Montes Paola, Kerick Martin, Bernal Mónica, Hernández Francisca, Jiménez Pilar, Garrido Pilar, Márquez Ana, Jurado Manuel, Martin Javier, Garrido Federico, Ruiz-Cabello Francisco
Servicio de Análisis Clínicos e Inmunología, UGC de Laboratorio Clínico, Hospital Universitario Virgen de las Nieves, Granada, Spain.
Instituto de Parasitología y Biomedicina López Neyra, CSIC, Granada, Spain.
Oncotarget. 2018 Dec 11;9(97):36929-36944. doi: 10.18632/oncotarget.26405.
The Revised International Prognostic Score and some somatic mutations in myelodysplastic syndrome (MDS) are independently associated with transformation to acute myeloid leukemia (AML). Immunity has also been implicated in the pathogenesis of MDS, although the underlying mechanism remains unclear. We performed a SNP array on chromosome 6 in CD34 purified blasts from 19 patients diagnosed with advanced MDS and 8 patients with other myeloid malignancies to evaluate the presence of loss of heterozygosity (LOH) in HLA and its impact on disease progression. Three patients had acquired copy-neutral LOH (CN-LOH) on 6p arms, which may disrupt antigen presentation and act as a mechanism for immune system evasion. Interestingly, these patients had previously been classified at low risk of AML progression, and the poor outcome cannot be explained by the acquisition of adverse mutations. LOH HLA was not detected in the remaining 24 patients, who all had adverse risk factors. In summary, the clinical outcome of patients with advanced MDS might be influenced by HLA allelic loss, wich allows subclonal expansions to evade cytotoxic-T and NK cell attack. CN-LOH HLA may therefore be a factor favoring MDS progression to AML independently of the somatic tumor mutation load.

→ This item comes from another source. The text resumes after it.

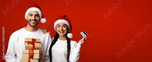 © Prostock-studio, Naklejka premium Two people are smiling joyfully while wearing Christmas hats. One holds a stack of wrapped presents, while the other displays a credit card, showcasing holiday spirit and excitement.

修订后的国际预后评分以及骨髓增生异常综合征(MDS)中的一些体细胞突变与转化为急性髓系白血病(AML)独立相关。免疫也被认为与MDS的发病机制有关,尽管其潜在机制仍不清楚。我们对19例诊断为晚期MDS的患者和8例其他髓系恶性肿瘤患者的CD34纯化原始细胞进行了6号染色体的单核苷酸多态性阵列分析,以评估HLA杂合性缺失(LOH)的存在及其对疾病进展的影响。3例患者在6p臂上获得了拷贝中性LOH(CN-LOH),这可能会破坏抗原呈递并作为一种逃避免疫系统的机制。有趣的是,这些患者之前被归类为AML进展低风险,而不良预后不能用获得不良突变来解释。其余24例均有不良风险因素的患者未检测到LOH HLA。总之,晚期MDS患者的临床结局可能受HLA等位基因缺失影响,这使得亚克隆扩增能够逃避免疫细胞毒性T细胞和NK细胞的攻击。因此,CN-LOH HLA可能是一个独立于体细胞肿瘤突变负荷而有利于MDS进展为AML的因素。